Modelling and Design Optimisations of CMOS MEMS Single Membrane Thermopile Detector Arrays

Abstract

Thermal imaging devices based on Complementary Metal-Oxide-Semiconductor (CMOS) and Micro-Electro-Mechanical System (MEMS) technology are widely used across consumer and industrial applications. The combination of CMOS and MEMS technologies allows for the production of devices with high performance, good reliability and consistent reproducibility. Additionally, these technologies allow devices to be manufactured at low cost and a high volume.

There are several types of thermal sensing technologies, however, this thesis mainly focuses on 8×8 thermopile based Focal Plane Arrays (FPAs). The core principles governing the function of thermopiles are based on the Seebeck effect. In this thesis, the structure and fabrication process of thermopile FPAs are described and discussed. The thesis describes the functionality of the array chip and introduces a new experimental technique, called the bi-directional electrical biasing method, which was applied to obtain the device’s responsivity and crosstalk measurements. Compared to traditional measurement approaches using laser sources, this novel method significantly reduces the complexity of the experimental setup, as no external laser source is required. The crosstalk of the 8×8 array is ~2.69% and the responsivity is ~73.1 V/W. A detecting system using a larger array chip was designed, created and successfully applied in a series of experiments that involved gesture recognition and people counting.

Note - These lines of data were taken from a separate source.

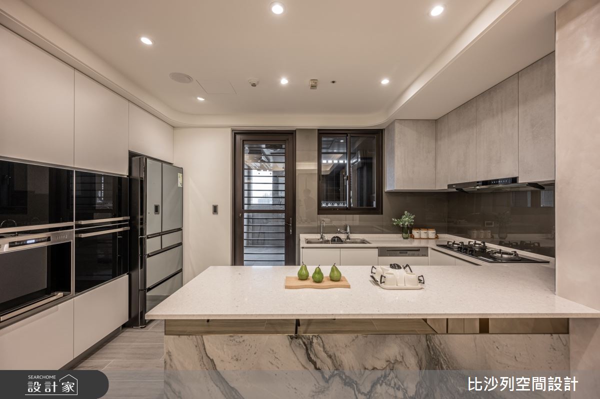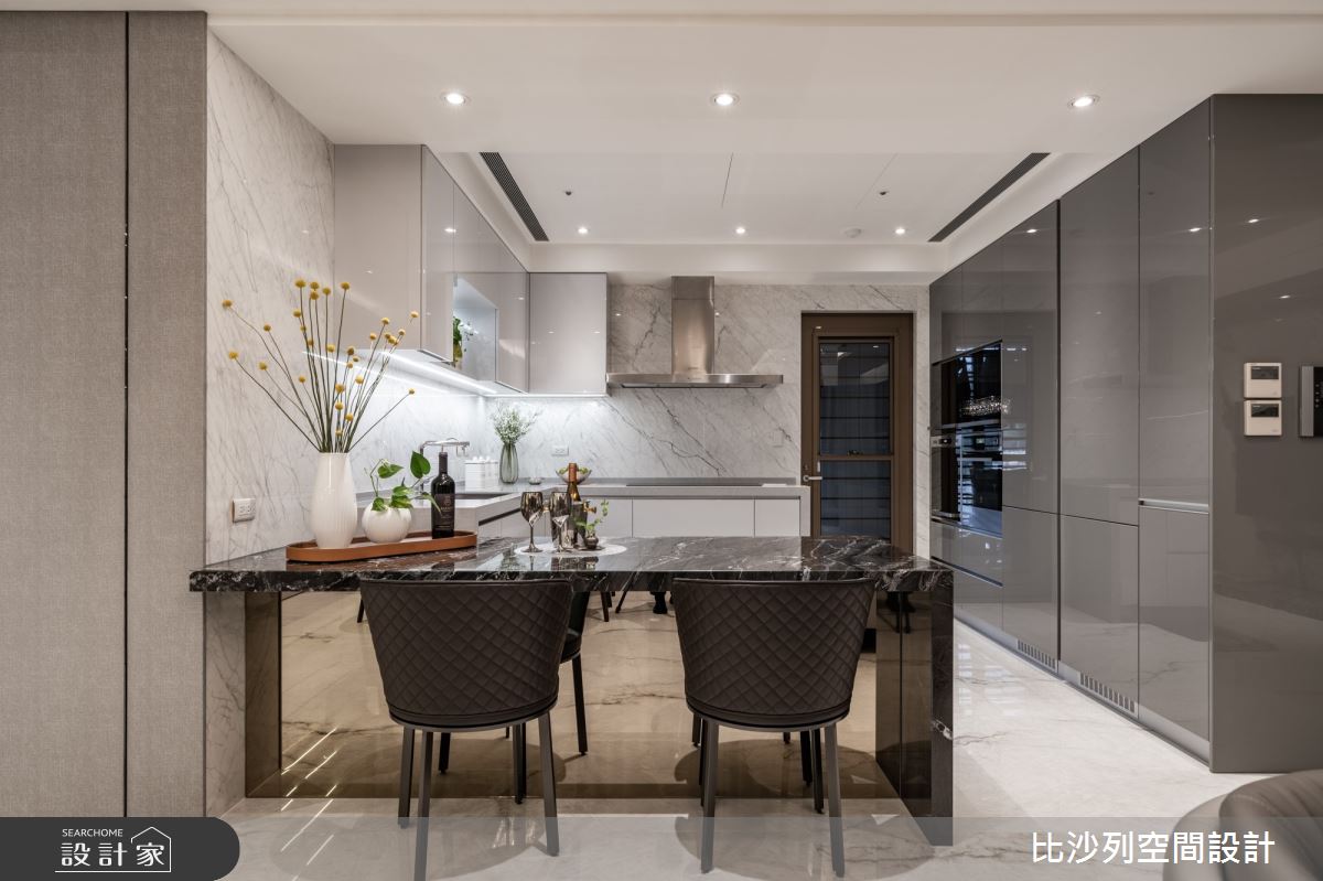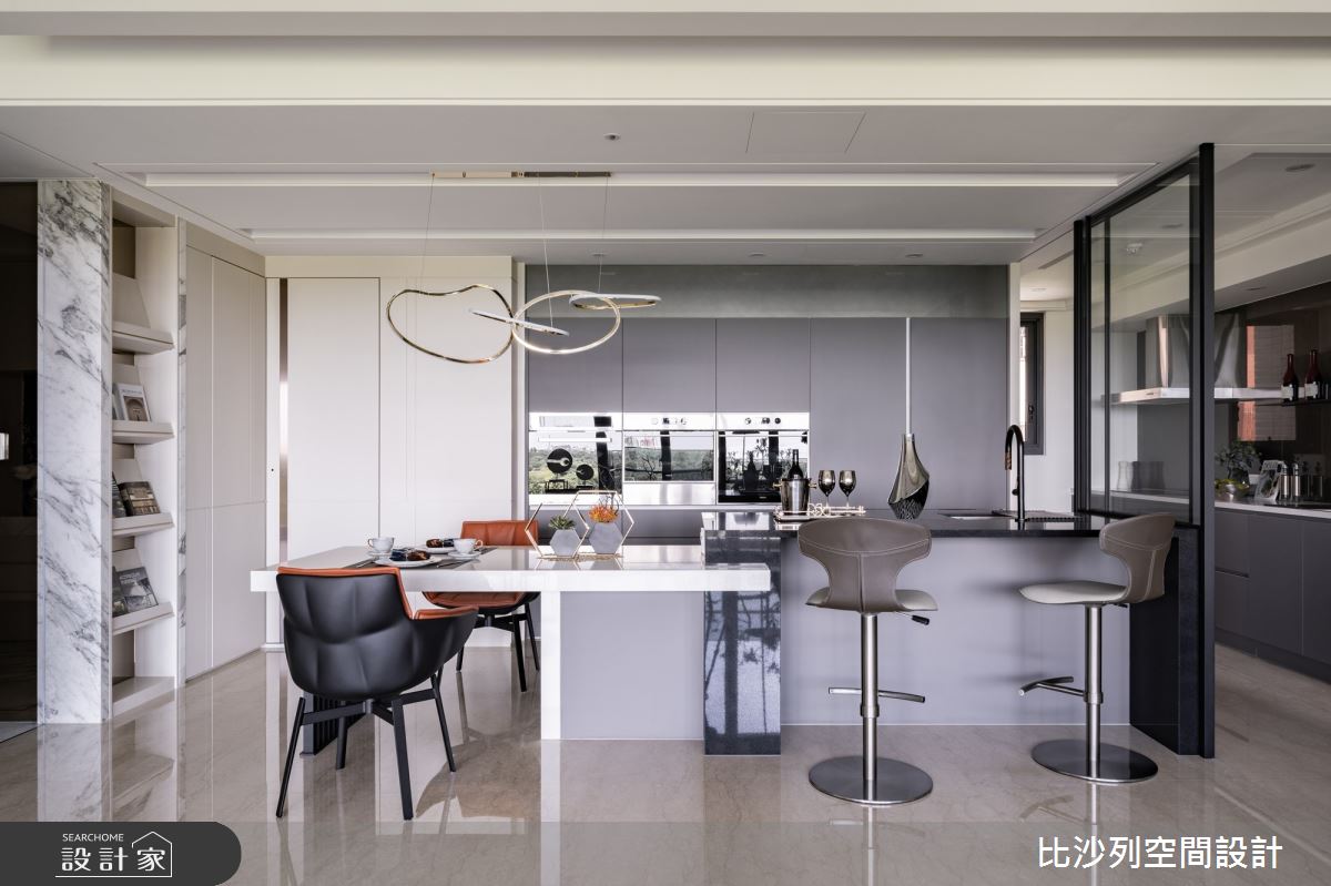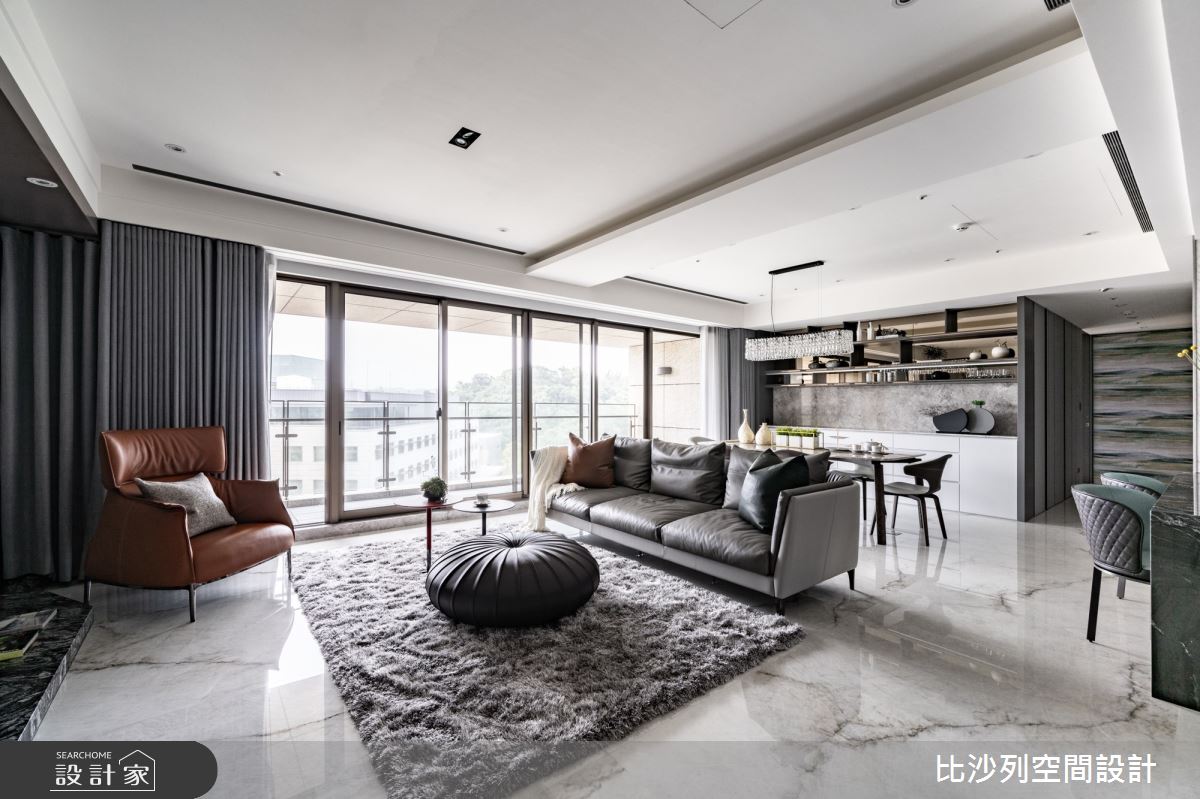 來自比沙列空間設計的71坪現代風住宅案,是一間單層毛胚屋的一房格局,設計師藉由建材以進口磁磚、石材、金屬的搭配應用,實現一家人的理想生活。
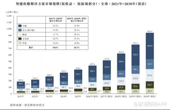 據(jù)弗若斯特沙利文報(bào)告,在智能化與電動化深化、車企加速座艙智能化標(biāo)配的驅(qū)動下,全球智能座艙(886059)解決方案市場規(guī)模從2021年1858億元增至2025年3705億元,復(fù)合增速18.8%;預(yù)計(jì)2030年達(dá)9350億元,20252030年復(fù)合增速20.3%。市場增長主要來自消費(fèi)(883434)體驗(yàn)升級、車企品牌溢價(jià)投入加大,以及高性能SoC芯片成本下降推動域控滲透率提升。區(qū)域上,中國是全球最大、增速最快的智能座艙(886059)市場,2025年占全球41.5%。亞太(除中國)、歐洲、北美市場亦穩(wěn)步增長。
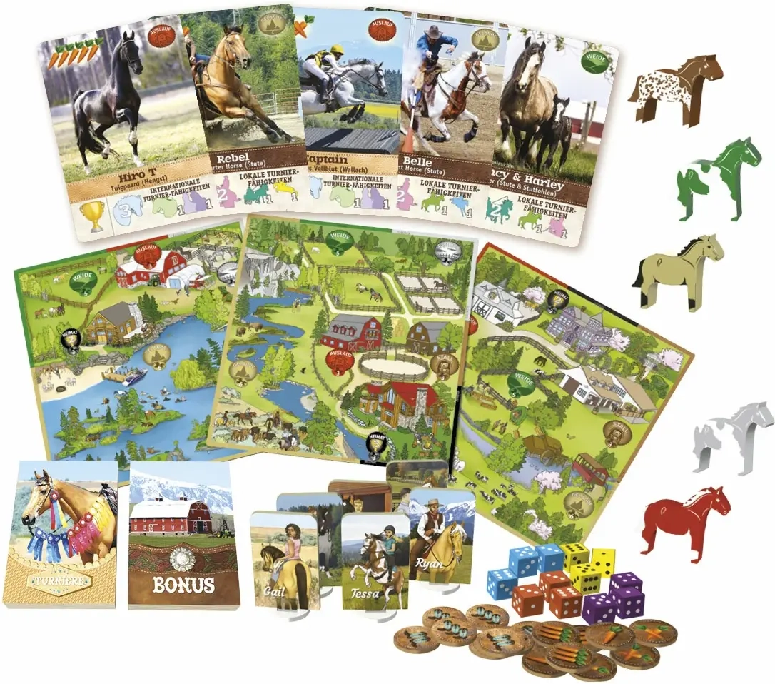 12 Spieler-Tableaus, 1 Spielplan, 6 Ranch-Tafeln, 12 Würfel, 57 Pferde, 57 Pferdekarten, 35 Bonuskarten, 16 Turnierkarten, 60 Waren-Chips, 29 Gebietsmarken, 6 Mitarbeiter, 30 Besitzmarken, 24 Upgrade-Marken, 2 Spielanleitungen
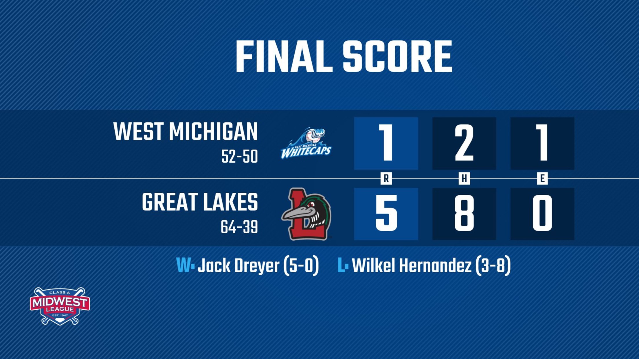 The Whitecaps fall to 52-50 overall and 20-17 in the second half, while the Loons improve to 64-39 overall and 19-19 in the second half. Loons reliever Jack Dreyer (5-0) secures his fifth win of the year, tossing 2.2 scoreless innings with three strikeouts, while Whitecaps starter Wilkel Hernandez (3-8) suffers his eighth loss of the season, allowing three runs through five innings of work. The Whitecaps win streak ends at eight straight, tying their longest winning streak under manager Brayan Pena. West Michigan now sits 1.5 games out of first place in the Midwest League East Division and is tied with the Dayton Dragons in second place.
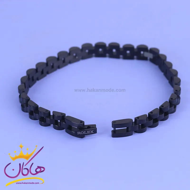 خرید دستبند مردانه رولکس باریک مشکی st 41067 دستبند رولکس مشکی استنلس استیل رنگ ثابت و ضد حساسیت است. عرض
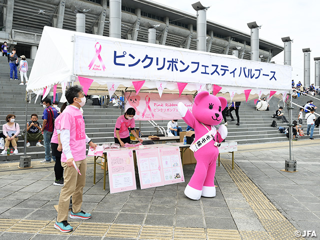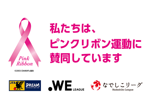 日本サッカー協会(JFA)は、一般社団法人日本女子サッカーリーグ(なでしこリーグ)と共に、乳がんの啓発活動である「ピンクリボン運動」に賛同し、「ピンクリボン月間」となる10月に行われる各種事業において同活動の啓発に取り組んでまいります。
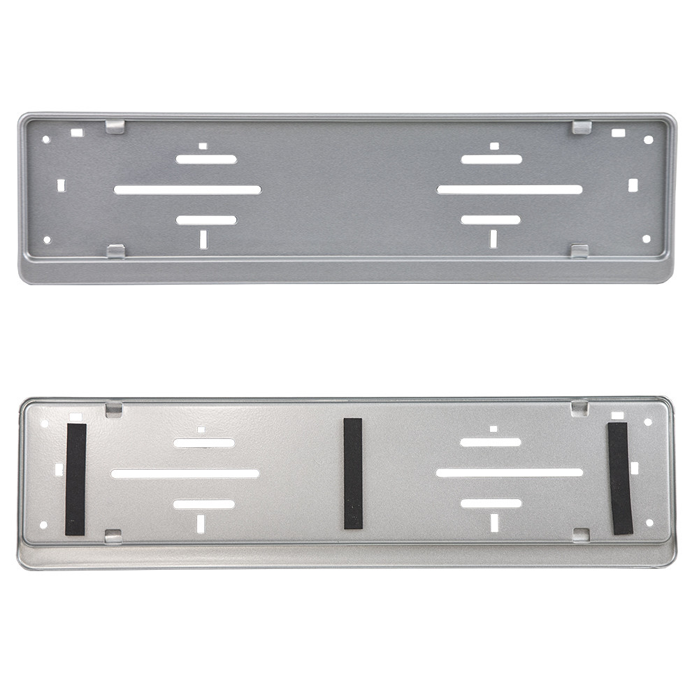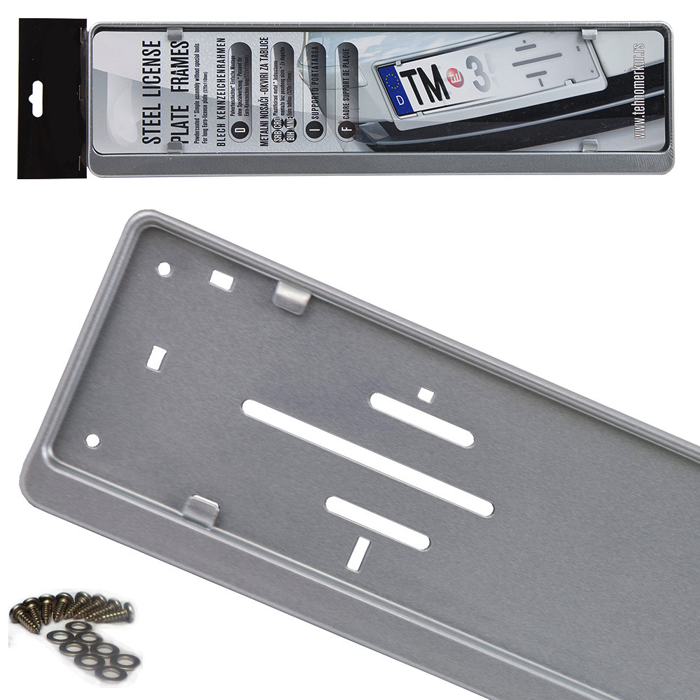 • 2x držača registarske pločice (par za prednju + stražnju stranu) od srebrnog čelika s prašnim premazom
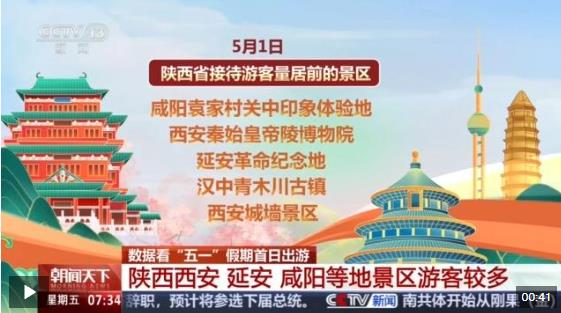 “五一”假期第一天,陜西省監(jiān)測(cè)的51個(gè)重點(diǎn)旅游景區(qū)共接待游客53.49萬(wàn)人次,旅游經(jīng)營(yíng)收入4930.89萬(wàn)元。
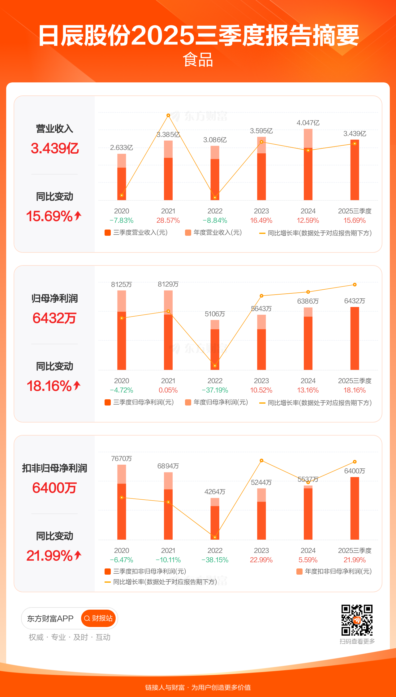 日辰股份10月29日发布2025年三季报显示,公司前三季实现营业收入3.44亿元,同比增长15.69%;归母净利润6431.75万元,同比增长18.16%;扣非归母净利润6399.56万元,同比增长21.99%。
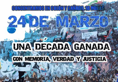 Desde las 12, los argentinos marcharán hacia Plaza de Mayo, en donde se habrá de realizar un acto del que participarán organismos de derechos humanos y organizaciones sociales y políticas, en el marco del 38° aniversario del último golpe de Estado. A partir de las 17, en el Espacio Memoria y Derechos Humanos (ex ESMA) -Av. Del Libertador 8151, CABA-, se celebra el 10° aniversario de la recuperación del predio donde funcionó la Escuela de Mecánica de la Armada durante la última dictadura cívico militar. Allí se señalizará el ex Centro Clandestino de Detención, Tortura y Exterminio con los tres pilares de Memoria, Verdad y Justicia. Posteriormente, se inaugurará la Casa por la Identidad de las Abuelas de Plaza de Mayo. El cierre del acto convocado bajo la consigna «Un pueblo con Memoria es Democracia para siempre», estará a cargo de diversas bandas como La Bersuit, Los Pericos y el Dúo Coplanacu, entre otros. Previo al acto, la Secretaría de Derechos Humanos, a través del Archivo Nacional de la Memoria (ANM), convocó a participar de una vigilia que se iniciará esta noche hasta las 3.10 de mañana, hora en que la junta militar emitió por cadena nacional su primer comunicado golpista 38 años atrás. Octubres Convoca: Concentración a Plaza de Meyo El próximo lunes 24 de marzo se conmemorarán 38 años del golpe cívico-militar propiciado por la junta militar, la oligarquía y los grupos económicos que instauró a sangre y fuego el modelo neoliberal en la Argentina. A partir del año 2003, con los gobiernos de Néstor y Cristina, con el proyecto nacional y popular en curso, dicha fecha ha recobrado el valor que se merece en la búsqueda de memoria, verdad y justicia. No sólo por las políticas de derechos humanos que se han llevado adelante, a través de las cuales se esclarecieron causas por crímenes de lesa humanidad, enjuiciamiento y condena de los genocidas y la recuperación de la identidad de los bebes apropiados, sino también por el avance en el nivel de conciencia y movilización popular que ha llevado cada aniversario a llenar de memoria, mística y sueños la plaza del pueblo. Hacía 38 años, la oligarquía le quiso poner fin al proceso de industrialización que había sentado sus bases durante el peronismo. Le quiso poner fin al Estado de Bienestar. Le quiso poner fin al movimiento obrero organizado, que tenía los trabajadores mejores pagos de América Latina. Pero sobre todo, le quiso poner fin al nivel de organización del campo popular, y es por ello que hoy recordamos a los 30.000 compañeros detenidos-desaparecidos. Hoy, podemos decir que muchos de los sueños de esa generación maravillosa se vienen realizando con el Proyecto Nacional que conduce nuestra querida Presidenta y que sembró Néstor un 25 de mayo de 2003. Como dice Hebe, una madre de todos nosotros, hoy más que nunca tenemos que reivindicar a aquellos compañeros que dieron la vida por una Argentina más justa, libre y soberana. No aflojemos, sigamos adelante, con más fuerza cada día, con memoria y proyección en aras de construir una Patria para todos, liberada definitivamente de las corporaciones económicas. Con los trabajadores y los más humildes organizados, movilizados en la calle, defendiendo lo conquistado, con Cristina hasta la victoria. Por una Argentina potente. Concentramos en Avenida de Mayo y 9 de Julio a las 11:00 horas. Nahuel Silva, Secretario de la Organización, Octubres Frente Grande: Convoca a Plaza de Mayo Este 24 de marzo nos movilizamos, como todos los años, por Memoria, Verdad y Justicia. Convocamos en el punto de cita de la Corriente Nacional de la Militancia a concentrar a las 12 hs en Piedras y Av de Mayo para movilizarse desde allí. Javier Pablo Hermo, Presidente Frente Grande Unidos y Organizados Córdoba: Colón y Cañada a las 18:00hs. 24 de marzo “Una década ganada, con memoria, verdad y justicia”
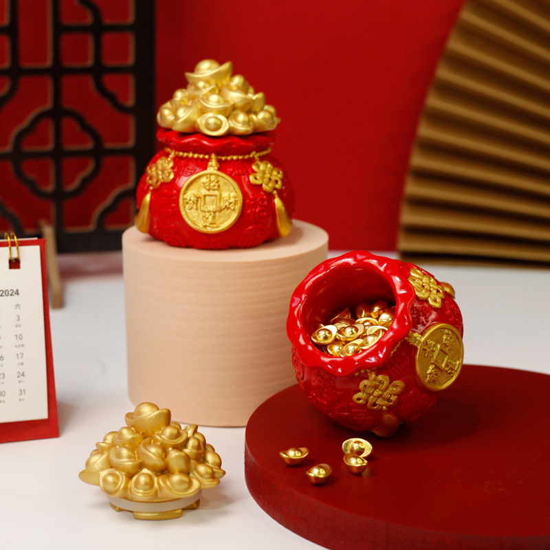 새해 장식품, 행운과 재물을 불러오는 백자운 금봉투, 돈주머니, 책상 장식품, 차량 장식품, 레진 공예품
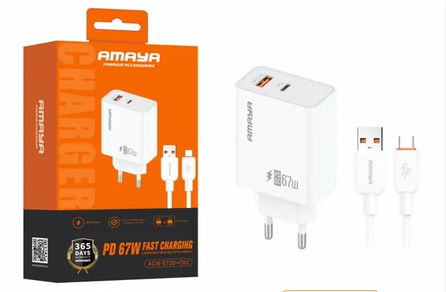Upgrade to the ACW-E72D+C63 67W charger and ensure your devices are always charged at maximum speed and safety. Click below to power up your productivity!
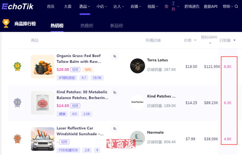 “事实胜于雄辩”,让我们来用数据说话。打开Echotik的热销榜单可以看到,各类热卖单品如雨后春笋般不断涌现。单单是在7月9日这一天,单日销量在3000件及3000件以上的就有12款产品。其中,热销榜单前三的分别是手工制作的全天然润肤霜、代谢平衡贴片和汽车挡风玻璃遮阳板,单日销量分别为6800件、6300件、4800件。

In order to enhance the performance of the current array device, a 3D simulation model based on the Finite Element Method (FEM) was built using the COMSOL Multiphysics simulation tool. The numerical model was validated by comparing the model’s simulated values for responsivity, crosstalk and temperature distribution with experimental results. The difference between the simulations and experimental results was <5%. With the aim of optimising various trade-offs, modifications in heatsinking track widths/materials, additional air gaps between pixels, different packaging and different pixel sizes were assessed using numerical models. A design with copper heatsinking tracks and air gaps showed the best results, achieving an increase in responsivity by 6.4% while simultaneously reducing crosstalk by 65%. In addition, the vacuum packaging can reduce the crosstalk to less than 0.7% (only 0.2% in the model with copper tracks) and increase the responsivity to > 90 V/W in the model with tungsten tracks. A 32×32 array design demonstrates the smallest pixel size that can be achieved based on this thermopile array design. The 32×32 array design increased responsivity to ~77.18 V/W and crosstalk remained <4%. Crosstalk rose sharply to >6% when the pixel size was reduced further in a 64×64 array design, at this level of crosstalk, image quality is likely to be significantly affected.

Future work may focus on the implementation of carbon nanotubes or novel 3D thermopile designs. Carbon nanotubes, when deposited over the array chip, could enhance the absorption of IR radiation. While new thermopiles employing a 3D design could dramatically reduce array size and potentially achieve a fill factor of 100%.